Step 8: Save Model for Web Application Deployment
----------------------------------------------

StreamPoseML's web application supports two types of model formats:

### Option 1: MLflow Model Artifacts (Recommended)

The web application is designed to work with MLflow model artifacts, which provide better compatibility and deployment features. After logging your model with MLflow, export it as a gzipped model artifact that can be uploaded directly in the web application.

### Option 2: Pickle Files

Alternatively, you can save models using StreamPoseML's built-in method:

.. code-block:: python

   notes = """
   Gradient Boost classifier (90% ROC AUC) trained on dataset preprocessed_flatten_on_example_10_frames, 
   a 10 frame window with flat column 2d angles + distances, and randomly upsampled
   """

   model_builder.save_model_and_datasets(
       notes=notes, 
       model_type="gradient-boost", 
       model_path=trained_models_output_directory
   )

Alternative Dataset Formats
-------------------------

StreamPoseML provides flexibility to create different types of datasets from the same pose sequence data.

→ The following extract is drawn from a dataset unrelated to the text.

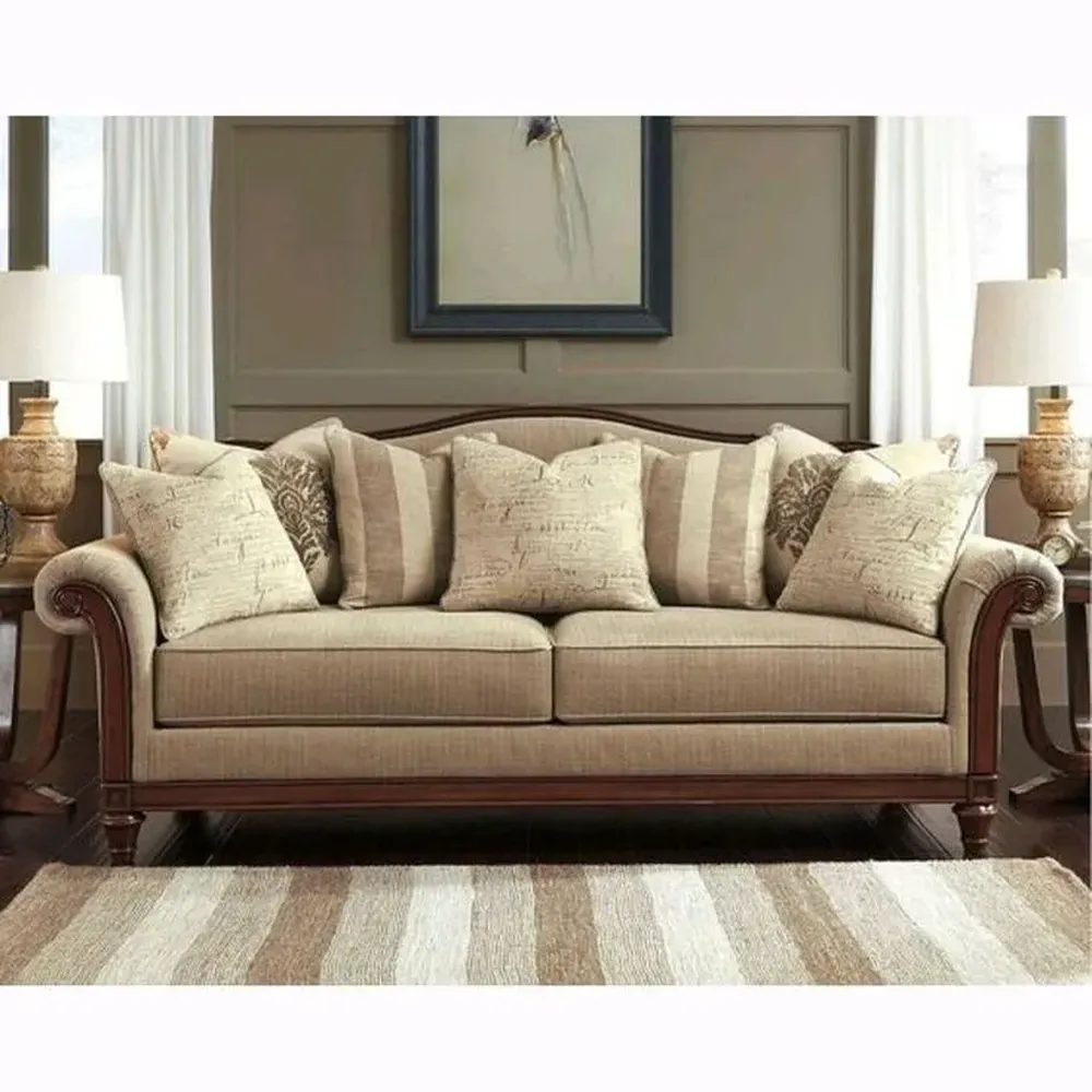 Classic Luxury White Fabric Wooden Sofa with Carved Dark Brown Frame
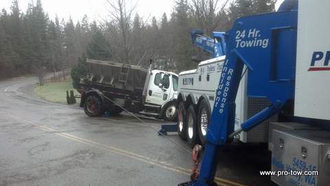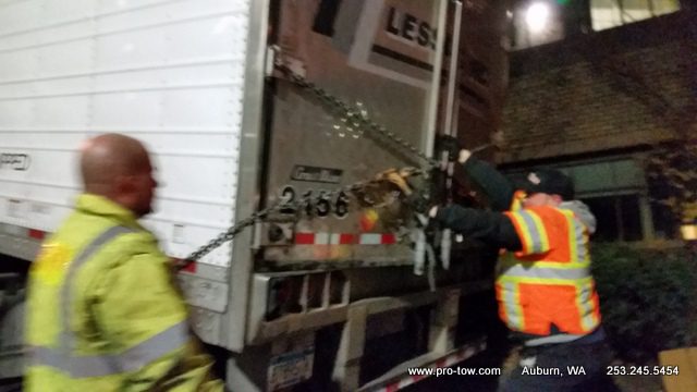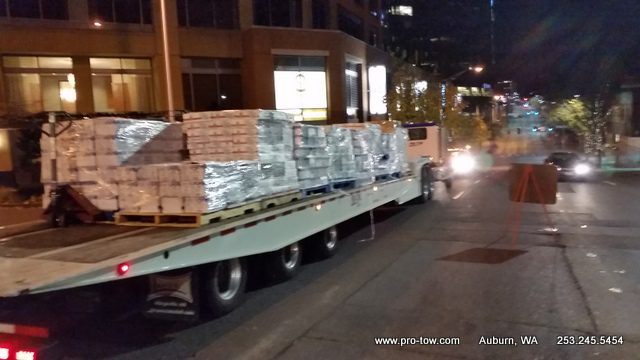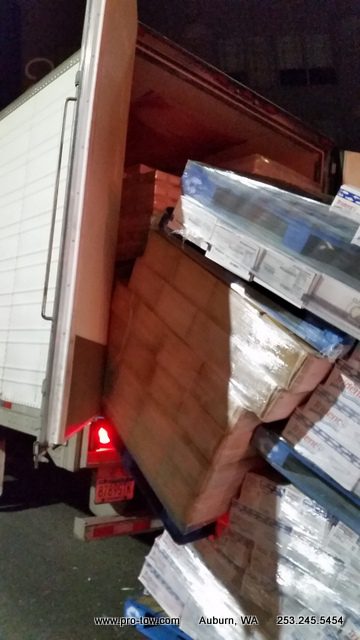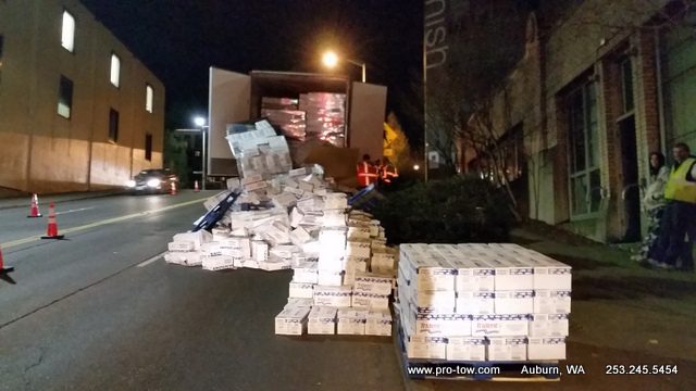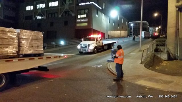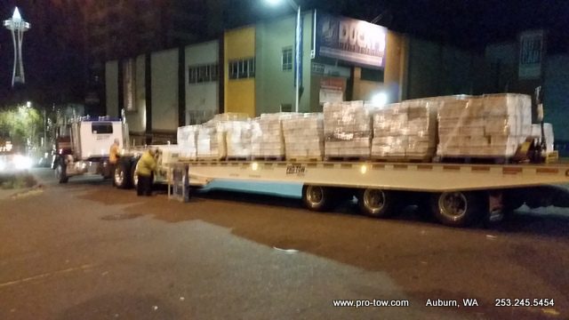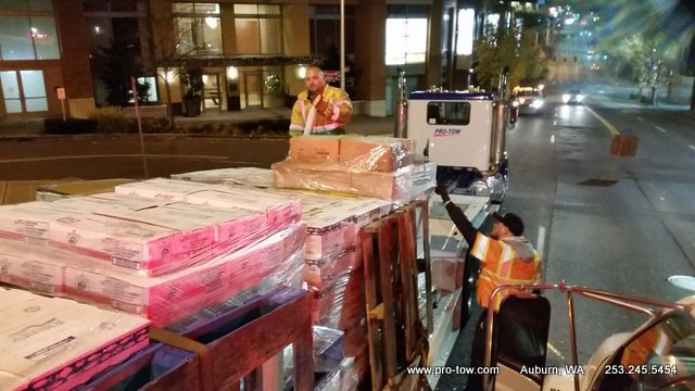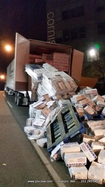 Seafood In Seattle Cargo Recovery & Material Handling by Pro-Tow Auburn, WA. 16 pallets of frozen high value seafood came out of the rear of the trailer in downtown Seattle on an 11% grade, and blocking Denny Way. We quickly and efficiently worked to save nearly 100% of the load throughout the middle of the night. We performed temporary repairs to the trailer doors. We also procured added refer trailers and ensured minimal loss in a very unfortunate emergent situation.

Raw Joint Data (One Frame Per Row)
^^^^^^^^^^^^^^^^^^^^^^^^^^^^^^^^

.. code-block:: python

   db = data_builder.BuildAndFormatDatasetJob()
   dataset = db.build_dataset_from_data_files(
       annotations_data_directory=source_annotations_directory,
       sequence_data_directory=sequence_data_directory,
       limit=None,
   )

   formatted_dataset = db.format_dataset(
       dataset=dataset,
       pool_frame_data_by_clip=False,
       decimal_precision=4,
       include_unlabeled_data=True,
       include_joints=True,
       include_z_axis=True,
       include_angles=False,
       include_distances=False,
       include_normalized=False,
       segmentation_strategy="none",
   )

   db.write_dataset_to_csv(
       csv_location=merged_annotation_output_directory,
       formatted_dataset=formatted_dataset,
       filename="preprocessed_frame_joint_data"
   )

Split on Step Type with Pooled Temporal Dynamics
^^^^^^^^^^^^^^^^^^^^^^^^^^^^^^^^^^^^^^^^^^^^^

.. code-block:: python

   db = data_builder.BuildAndFormatDatasetJob()
   dataset = db.build_dataset_from_data_files(
       annotations_data_directory=source_annotations_directory,
       sequence_data_directory=sequence_data_directory,
       limit=None,
   )

   formatted_dataset = db.format_dataset(
       dataset=dataset,
       pool_frame_data_by_clip=True,
       decimal_precision=4,
       include_unlabeled_data=True,
       include_angles=True,
       include_distances=True,
       include_normalized=True,
       segmentation_strategy="split_on_label",
       segmentation_splitter_label="step_type",
       segmentation_window=10,
       segmentation_window_label="weight_transfer_type",
   )

   db.write_dataset_to_csv(
       csv_location=merged_annotation_output_directory,
       formatted_dataset=formatted_dataset,
       filename="pooled_angles_distances_last_10_frames"
   )

Flatten Columns Over 10 Frame Window
^^^^^^^^^^^^^^^^^^^^^^^^^^^^^^^^^

.. code-block:: python

   db = data_builder.BuildAndFormatDatasetJob()
   dataset = db.build_dataset_from_data_files(
       annotations_data_directory=source_annotations_directory,
       sequence_data_directory=sequence_data_directory,
       limit=None,
   )

   formatted_dataset = db.format_dataset(
       dataset=dataset,
       pool_frame_data_by_clip=False,
       decimal_precision=4,
       include_unlabeled_data=True,
       include_angles=True,
       include_distances=True,
       include_normalized=True,
       segmentation_strategy="flatten_on_example",
       segmentation_splitter_label="step_type",
       segmentation_window=10,
       segmentation_window_label="weight_transfer_type",
   )

   db.write_dataset_to_csv(
       csv_location=merged_annotation_output_directory,
       formatted_dataset=formatted_dataset,
       filename="flatten_on_example_10_frames_2"
   )

Using Models in the Web Application
--------------------------------

After training and saving your model, deploy it in the StreamPoseML web application:

1. **Start the Web Application**

   .. code-block:: bash

      # From the StreamPoseML root directory
      make start

2. **Access the Web Interface**

   Open http://localhost:3000 in your browser

3. **Upload Your Model**

   - In the Settings section, click the file input field
   - Browse for your saved model file (MLflow gzipped artifact or pickle file)
   - Set the Frame Window Size to match your model's training window size
   - Click "Set Model"

4. **Start Real-time Classification**

   - Click "Classify from webcam stream" to start the camera
   - The system will now process the webcam feed and perform real-time classification
   - View the classification results in the results panel